▶ [Material provided]
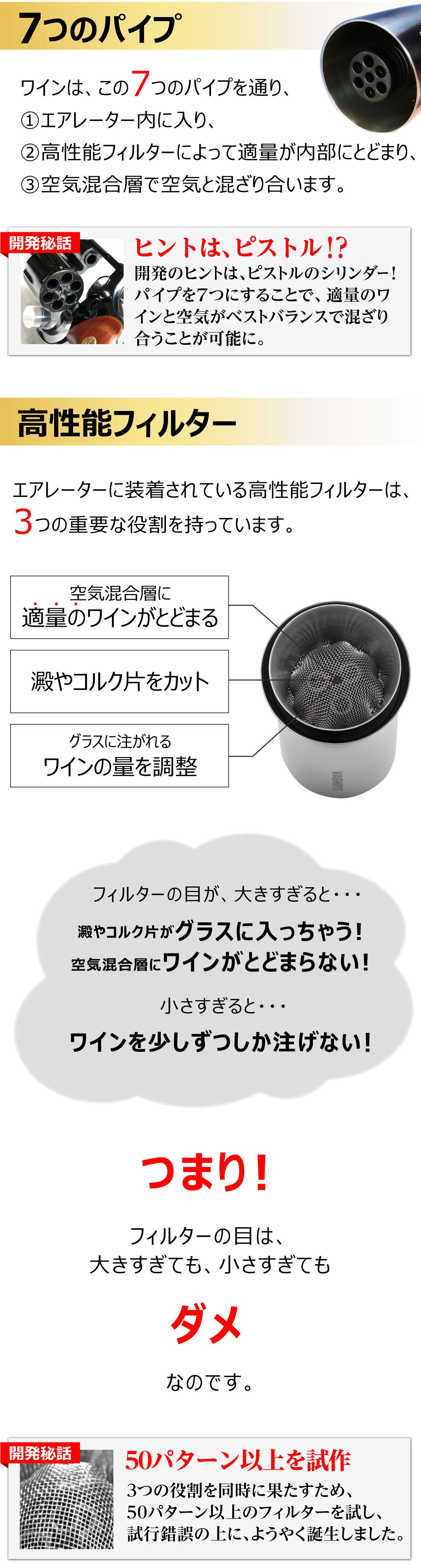 エアレーター内でワインと空気がベストバランで混ざり合うよう、
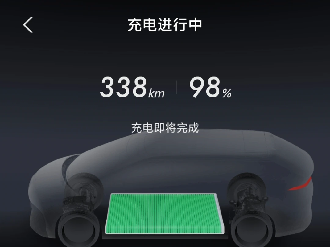 从30%电量开始,峰值功率瞬间冲到285.8kW,电流与电压的高效配合,让电量条像被按下了快进键。短短十几分钟,电量就从30%跃升至98%,表显续航也稳定在338km,完全覆盖了日常通勤与短途出行的需求。
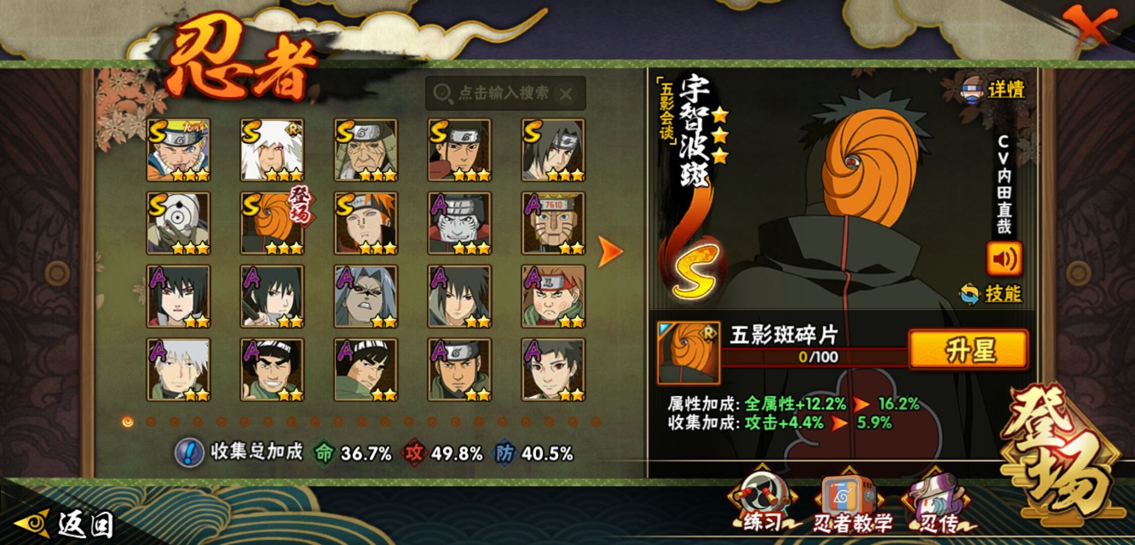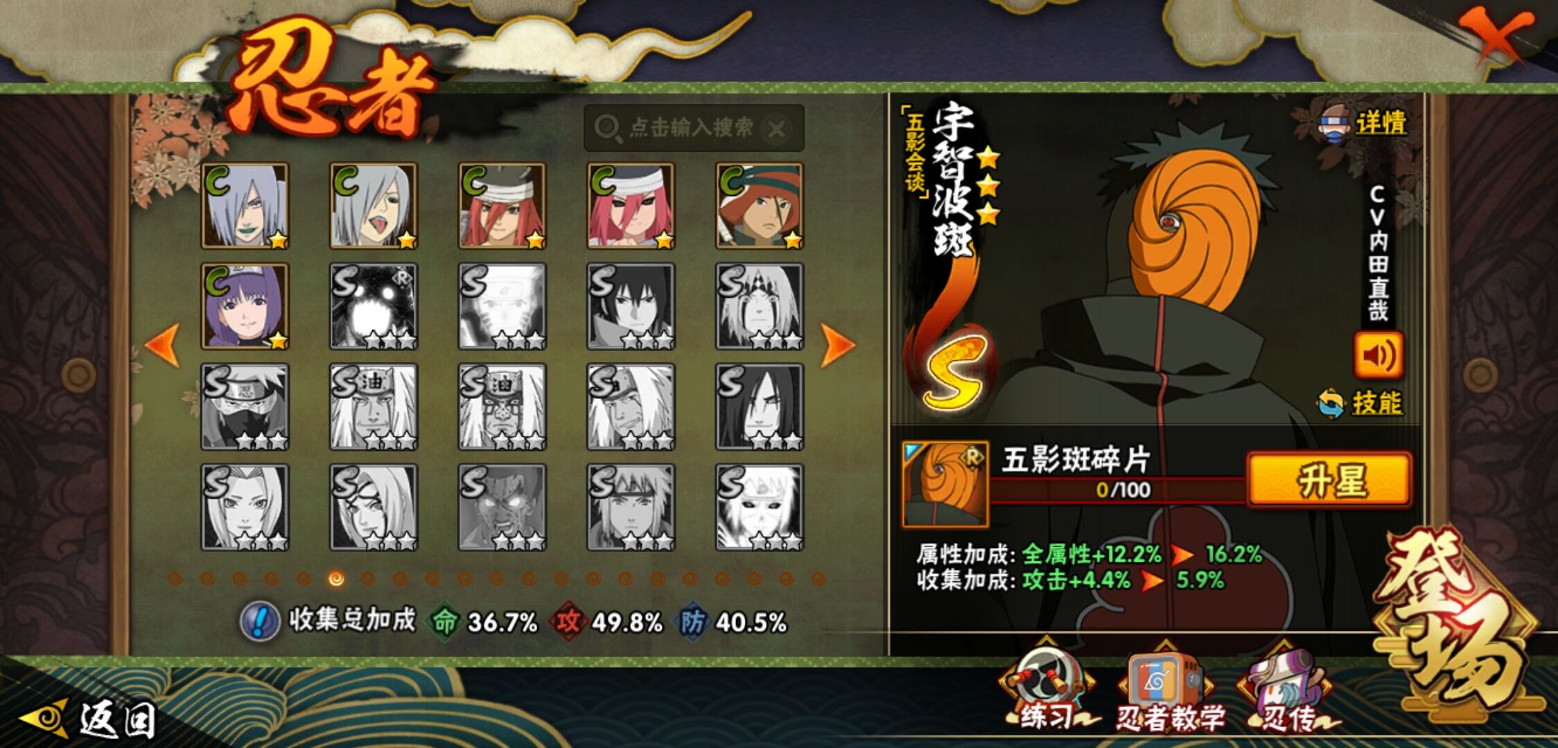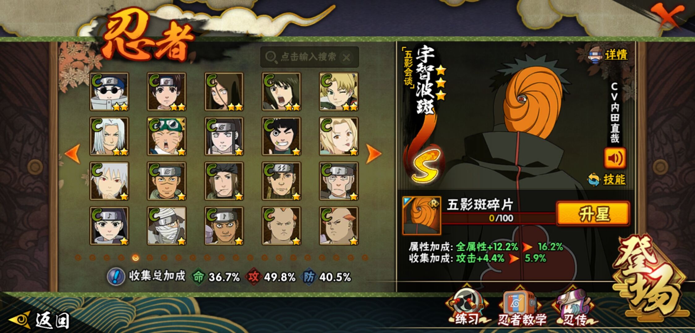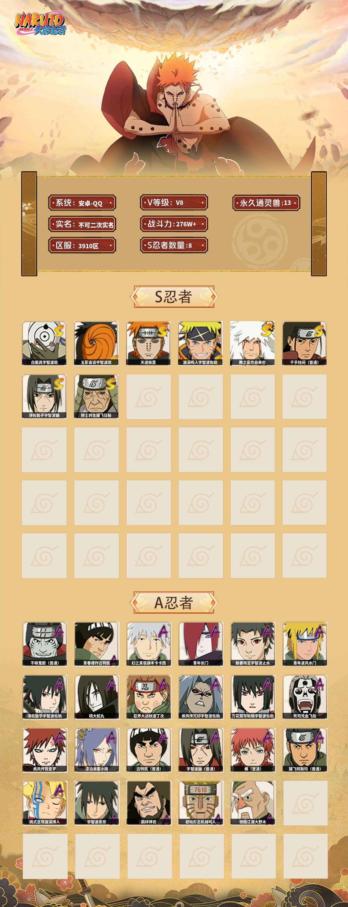 【火影忍者】【lyhy11017】战斗力:276w;段位:上忍3阶;本服排名:3163;vip:v8级;s忍:8个;a忍:23个;通灵兽:13个,s忍:白面具宇智波斑|五影会谈宇智波斑|天道佩恩|漩涡鸣人宇智波佐助|舞之豪杰自来也|千手柱间(普通)|须佐能乎宇智波鼬|秽土转生猿飞日斩__a忍:青春爆炸迈特凯|幻之真容旗木卡卡西|青年长门|新春限定宇智波止水|青年波风水门|须佐能乎宇智波佐助|晓大蛇丸|忍界大战秋道丁次|疾风传咒印宇智波佐助|万花筒写轮眼宇智波佐助|死司凭血飞段|疾风传我爱罗|漂泊浪客小南|迈特凯(普通)|宇智波鼬(普通)|干柿鬼鲛(普通) 3星|蝎(普通)|猿飞阿斯玛(普通)|桃式显现漩涡博人|宇智波泉奈|羁绊神农|初始形态机械鸣人|侠隐江湖大野木__通灵兽:忍犬(普通)|蓝蛇|蛤蟆吉|砂之守鹤|忍龟|镰鼬|猿魔|山椒鱼|蜃|蛤蟆仙人|鲛鲨|蛤蟆健|蛞蝓(普通)

▶ [What the task asks]
Reproduce the material word for word. Skip every picture it holds.

▶ [Task answer]
 エアレーター内でワインと空気がベストバランで混ざり合うよう、
 从30%电量开始,峰值功率瞬间冲到285.8kW,电流与电压的高效配合,让电量条像被按下了快进键。短短十几分钟,电量就从30%跃升至98%,表显续航也稳定在338km,完全覆盖了日常通勤与短途出行的需求。
 【火影忍者】【lyhy11017】战斗力:276w;段位:上忍3阶;本服排名:3163;vip:v8级;s忍:8个;a忍:23个;通灵兽:13个,s忍:白面具宇智波斑|五影会谈宇智波斑|天道佩恩|漩涡鸣人宇智波佐助|舞之豪杰自来也|千手柱间(普通)|须佐能乎宇智波鼬|秽土转生猿飞日斩__a忍:青春爆炸迈特凯|幻之真容旗木卡卡西|青年长门|新春限定宇智波止水|青年波风水门|须佐能乎宇智波佐助|晓大蛇丸|忍界大战秋道丁次|疾风传咒印宇智波佐助|万花筒写轮眼宇智波佐助|死司凭血飞段|疾风传我爱罗|漂泊浪客小南|迈特凯(普通)|宇智波鼬(普通)|干柿鬼鲛(普通) 3星|蝎(普通)|猿飞阿斯玛(普通)|桃式显现漩涡博人|宇智波泉奈|羁绊神农|初始形态机械鸣人|侠隐江湖大野木__通灵兽:忍犬(普通)|蓝蛇|蛤蟆吉|砂之守鹤|忍龟|镰鼬|猿魔|山椒鱼|蜃|蛤蟆仙人|鲛鲨|蛤蟆健|蛞蝓(普通)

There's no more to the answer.